Yang agak disayangkan, komentar dari rezim Erdogan menampakkan sikap berlebihan. Erdogan menyatakan aksi protes itu dipicu, antara lain, terlalu bebasnya penggunaan jejaring sosial, sehingga rentan dipakai untuk memobilisasi massa. Sikap reaktif dari rezim AKP ini hampir sama dengan sikap rezim-rezim diktator Arab yang sudah lengser keprabon.
Arab Spring?
Pertanyaannya: apakah Arab Spring (musim semi Arab) itu kini hendak menjalar ke Turki? Terlalu dini untuk menjawab 'ya'. Meski itu menjadi gerakan protes terbesar sejak AKP memerintah Turki, “jasa” AKP masih cukup besar membayangi alasan untuk menuntut mundur Erdogan.
Selama ini, AKP berhasil meningkatkan kesejahteraan ekonomi Turki. Gaya politik Erdogan yang kharismatik, membuatnya memiliki banyak loyalis. Apalagi, jejaring Islamis AKP cukup kuat di akar bawah. Militer tenang di baraknya, tak bisa dilepaskan dari upaya AKP.
Dalam soal kebijakan luar negeri, Turki kini layak dianggap sebagai pemain baru yang mampu berperan penting dalam geopolitik Timur Tengah. Posisi ini tentu membawa nilai tawar besar bagi AKP. Erdogan masih bisa percaya diri untuk meredam riak-riak protes dan menguatnya oposisi.
Hanya saja, aksi protes di Taksim itu tak bisa dianggap angin lalu oleh rezim AKP. Betapapun bagusnya catatan rapor AKP, aksi protes itu adalah alarm (peringatan) bagi Turki bahwa kebijakan politisnya perlu ditinjau kembali.
Belakangan sikap politik AKP mulai cenderung monolotik. Hingga artikel ini ditulis pun belum ada tawaran solusi dari Erdogan yang mampu memuaskan kedua belah pihak. Sebaliknya, Erdogan menanggapinya dengan keras. Pendekatan monolitik yang demikian bisa menjadi “amunisi” bagi oposisi untuk menyudutkan gaya Islamisme AKP. Artinya, politik represif AKP terhadap kebebasan berekspresi ala sekularisme menjadi batu sandung bagi stabilitas AKP sendiri.
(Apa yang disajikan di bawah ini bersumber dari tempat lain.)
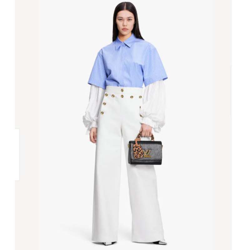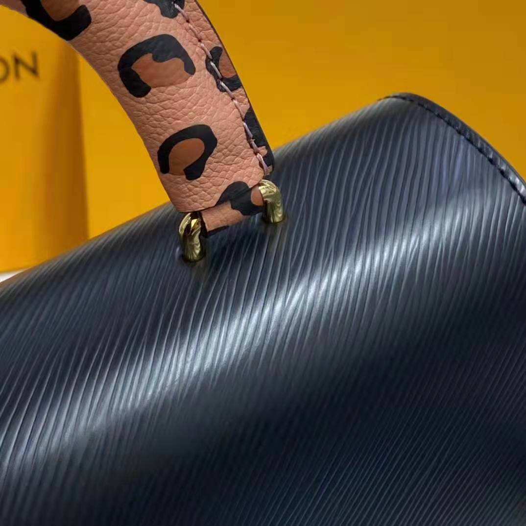The Fall 2021 Wild at Heart capsule brings an untamed touch to the Twist MM handbag. Fashioned from the House’s emblematic Epi grained leather, this fashionable piece is finished with a luggage-style handle and name tag in a playful leopard print.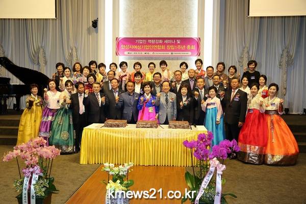 안성시여성기업인연합회(회장 최옥이)는 지난 25일 도기동에 위치한 더 AW 웨딩 컨벤션에서 창립 1주년 기념행사를 성황리에 개최했다고 밝혔다.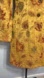 Goldenrod harvest gold, golden mustard yellow tapestry jacket with burgundy, green and brown floral print.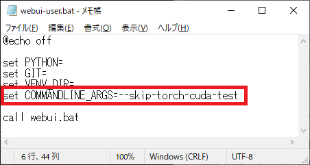 set COMMANDLINE_ARGS=–skip-torch-cuda-test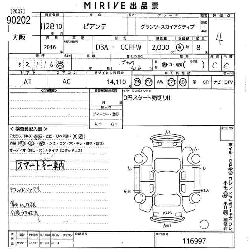Mazda BIANTE с аукциона Японии MIRIVE Osaka лот № 90202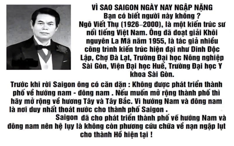 Thế mà sau 1975, trong cái hào khí của công cuộc “cải tạo xã hội chủ nghĩa” và “xóa bỏ tàn dư chế độ cũ”, nhiều tuyến kênh lạch bị san lấp một cách tàn nhẫn, để xây dựng nhà cửa, khu dân cư, đường sá. Kết quả: nước không còn lối thoát, và thành phố bắt đầu chìm trong chính sự cao ngạo và thiển cận của một đàn ngáo rừng.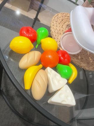 Carrito de supermercado de juguete. Incluye varios accesorios de comida. No tengo la caja original. - Mide 53cm de alto - Accesorios de comida de plástico: frutas, pan y queso.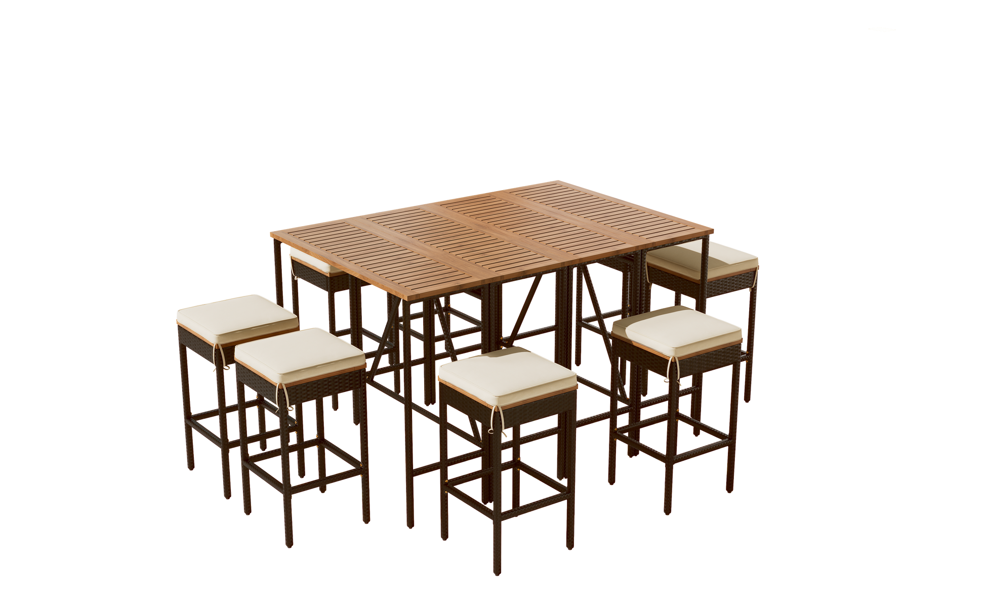10-teiliger Outdoor-Bartisch aus Akazienholz mit acht gepolsterten Hockern, braun

Maka, pilihan solusi yang terbentang di depan AKP ada dua. Pertama, AKP akan memaksakan kebijakan Islamisnya yang hendak mengikis hegemoni Kemalis via manuver Taksim itu. Opsi ini bisa berujung pada perlawanan keras dari kaum sekularis, terutama para oposan kiri, mungkin juga sebagian kelompok militer.
Opsi kedua, AKP mengendurkan manuver represifnya dalam kasus Taksim itu. Opsi ini terkesan pragmatis dalam hitungan idealisme Islamis. Namun demikain, opsi inilah yang relatif menjamin stabilitas politik Turki di bawah AKP.
Kedua pilihan itu bukan hal yang mudah diambil. Islamis ala AKP Turki yang sedang dilirik banyak partai Islam di negara-negara Muslim sedang diuji.
*Koordinator Forum Studi Arab dan Islam (FSAI). Pengajar di Ponpes Nurul Ummah, Kotagede, Yogyakarta.